> [PROVIDED DATA]:
..........

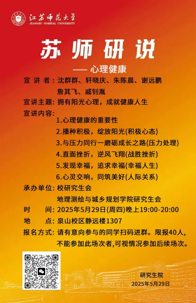 关于举办第十九期研究生“苏师研说”活动的通知
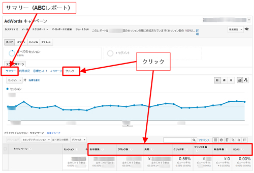 AdWords側のレポートでは、キャンペーン、キーワード、広告ごとの掲載レポートを確認することができますが、リンク先URLごとの集計レポートは用意されていません。Google アナリティクスのレポートではリンク先URL(広告のランディングページ)ごとのABCレポート、ならびにクリックレポートを確認することができます。
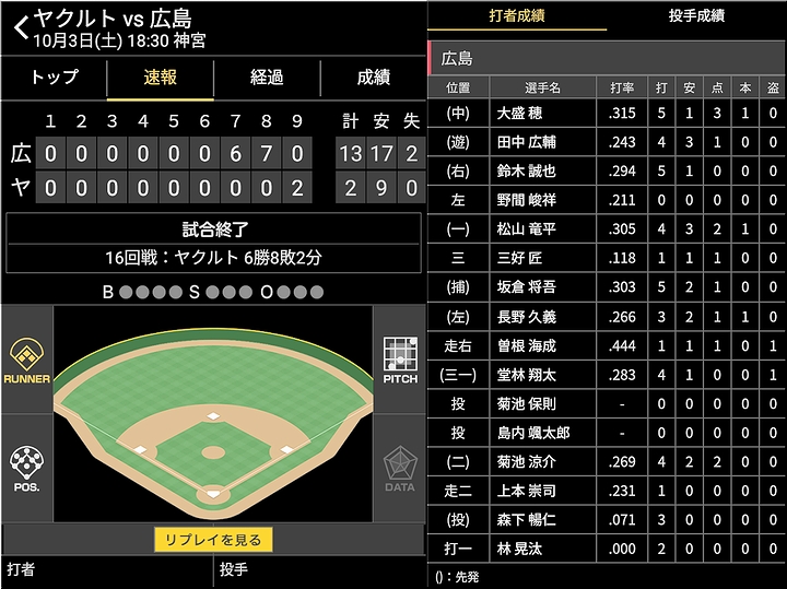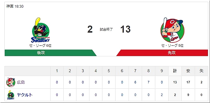 昨夜の「広島×ヤクルト」戦…終わってみれば大差で\(^o^)/
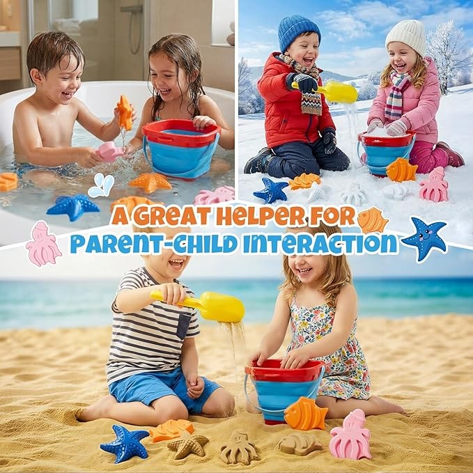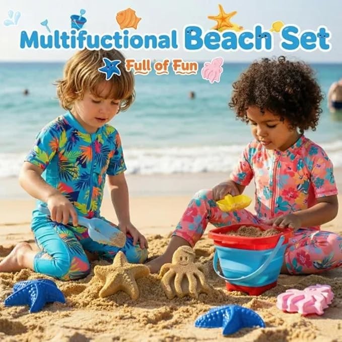 Foldable & Space-Saving Design This collapsible beach toys set includes a foldable sand bucket that expands instantly for play and folds flat to a slim size—taking up minimal space in suitcases or car trunks. Ideal travel beach toys for family beach trips, weekend getaways, and summer vacations.
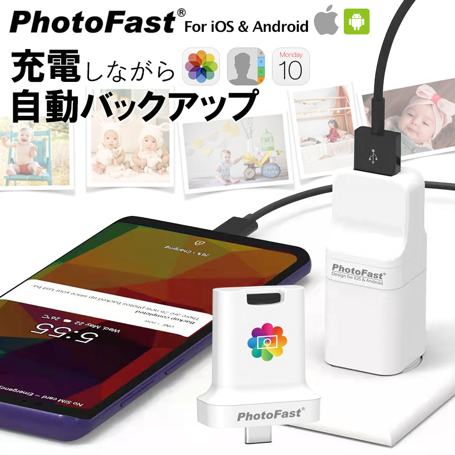 “充電するだけ”の簡単操作で写真・連絡先・予定などを自動でバックアップ!
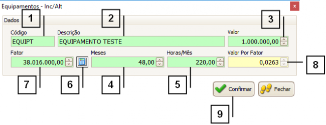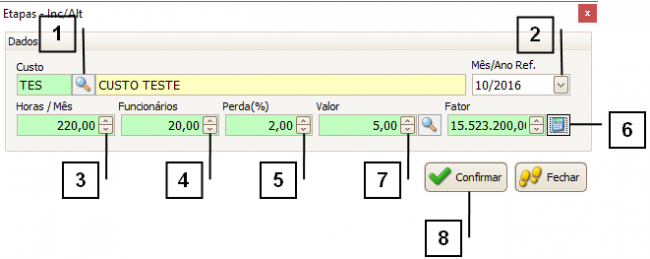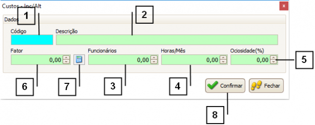 O “Fator” (6) é calculado de acordo com as informações preenchidas na quantidade de funcionários, horas/mês, ociosidade(%). Para calcular, clique na calculadora (7). Esse será o fator levado em conta na hora da produção.
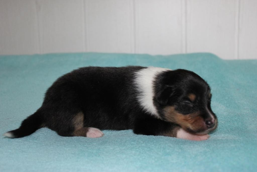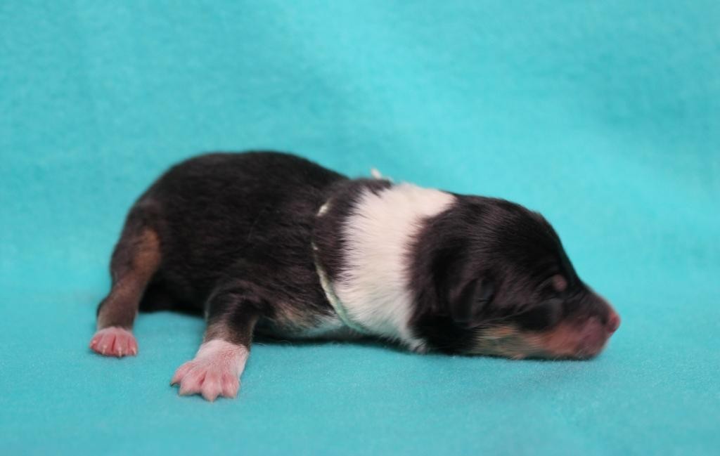 Ace kam um 5.52 Uhr zur Welt und war nach seiner Geburt etwas ruhiger, trotzdem mobil. Er war der Welpe mit dem geringsten Geburtsgewicht.
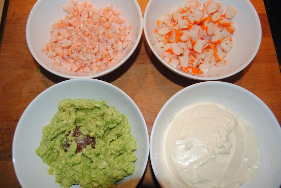 Vamos a empezar la receta organizando los ingredientes. Para ello pelamos y picamos los langostinos y el surimi en trozos muy pequeñitos. Por otro lado, preparamos una mahonesa casera que esté bastante espesa (nos va a servir para dar consistencia a la crema) y "alegre", es decir, que tenga mucho sabor. Es importante que la mahonesa esté sabrosa porque el aguacate es un fruto muy soso y necesitamos realzar su sabor. Si no sabéis hacer una mahonesa casera no os preocupéis, más adelante dedicaremos un post del blog a cómo prepararla.

..........

> [EXERCISE BRIEF]: The result should be an exact copy of only the lines above from the one that holds "昨夜の「広島×ヤクルト」戦…終わってみれば大差で\(^o^)/" through the one that holds "hora da produção.", both ends included, without pictures.

> [SOLUTION FOR THIS EXERCISE]:
 昨夜の「広島×ヤクルト」戦…終わってみれば大差で\(^o^)/
 Foldable & Space-Saving Design This collapsible beach toys set includes a foldable sand bucket that expands instantly for play and folds flat to a slim size—taking up minimal space in suitcases or car trunks. Ideal travel beach toys for family beach trips, weekend getaways, and summer vacations.
 “充電するだけ”の簡単操作で写真・連絡先・予定などを自動でバックアップ!
 O “Fator” (6) é calculado de acordo com as informações preenchidas na quantidade de funcionários, horas/mês, ociosidade(%). Para calcular, clique na calculadora (7). Esse será o fator levado em conta na hora da produção.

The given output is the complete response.